Information provided >>
==================================================
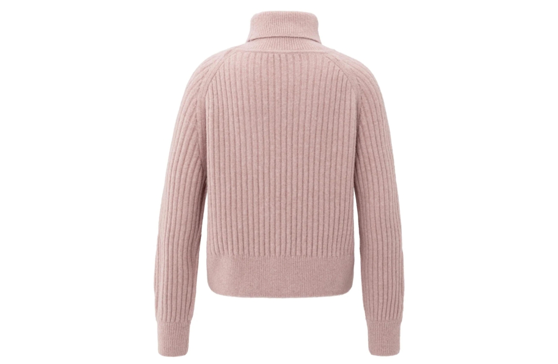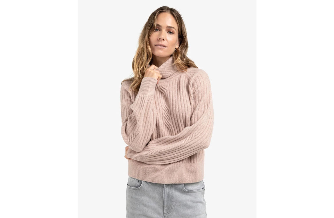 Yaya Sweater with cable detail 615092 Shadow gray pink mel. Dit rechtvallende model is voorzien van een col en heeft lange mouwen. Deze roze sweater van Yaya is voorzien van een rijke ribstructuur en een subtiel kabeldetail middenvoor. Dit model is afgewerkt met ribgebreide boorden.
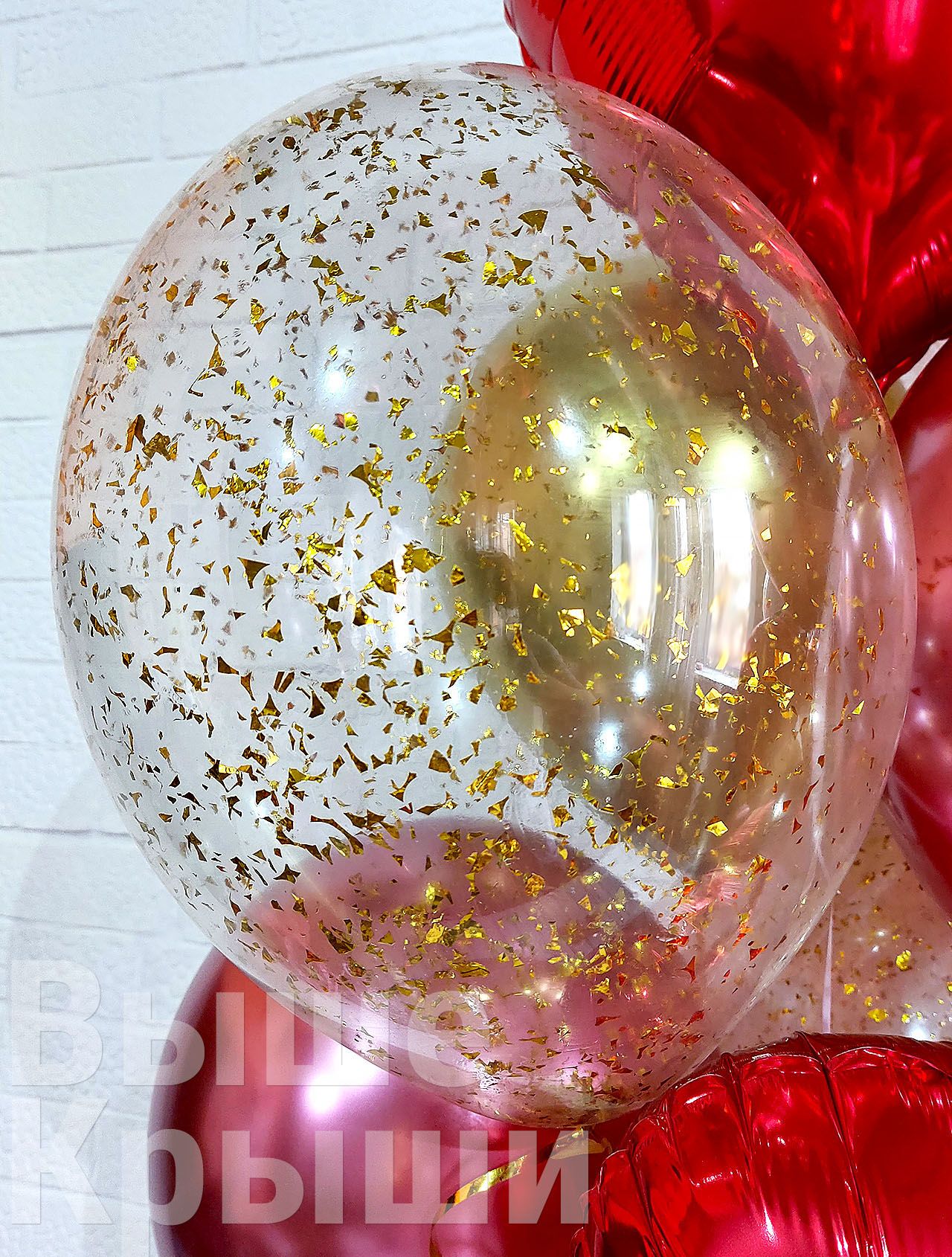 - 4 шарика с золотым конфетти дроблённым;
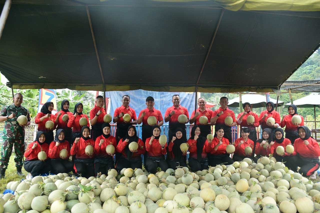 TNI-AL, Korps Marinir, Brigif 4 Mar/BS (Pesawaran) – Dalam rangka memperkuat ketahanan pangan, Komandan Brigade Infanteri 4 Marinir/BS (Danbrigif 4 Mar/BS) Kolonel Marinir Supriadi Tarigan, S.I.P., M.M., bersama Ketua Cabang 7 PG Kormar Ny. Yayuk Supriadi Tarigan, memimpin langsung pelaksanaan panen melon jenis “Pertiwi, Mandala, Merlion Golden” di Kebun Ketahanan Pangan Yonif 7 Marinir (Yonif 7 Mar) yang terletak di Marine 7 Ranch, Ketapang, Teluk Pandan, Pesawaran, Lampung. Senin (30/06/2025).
==================================================
Your objective >> Output the listing above in full and exactly, with pictures excluded.

Exercise solution >>
 Yaya Sweater with cable detail 615092 Shadow gray pink mel. Dit rechtvallende model is voorzien van een col en heeft lange mouwen. Deze roze sweater van Yaya is voorzien van een rijke ribstructuur en een subtiel kabeldetail middenvoor. Dit model is afgewerkt met ribgebreide boorden.
 - 4 шарика с золотым конфетти дроблённым;
 TNI-AL, Korps Marinir, Brigif 4 Mar/BS (Pesawaran) – Dalam rangka memperkuat ketahanan pangan, Komandan Brigade Infanteri 4 Marinir/BS (Danbrigif 4 Mar/BS) Kolonel Marinir Supriadi Tarigan, S.I.P., M.M., bersama Ketua Cabang 7 PG Kormar Ny. Yayuk Supriadi Tarigan, memimpin langsung pelaksanaan panen melon jenis “Pertiwi, Mandala, Merlion Golden” di Kebun Ketahanan Pangan Yonif 7 Marinir (Yonif 7 Mar) yang terletak di Marine 7 Ranch, Ketapang, Teluk Pandan, Pesawaran, Lampung. Senin (30/06/2025).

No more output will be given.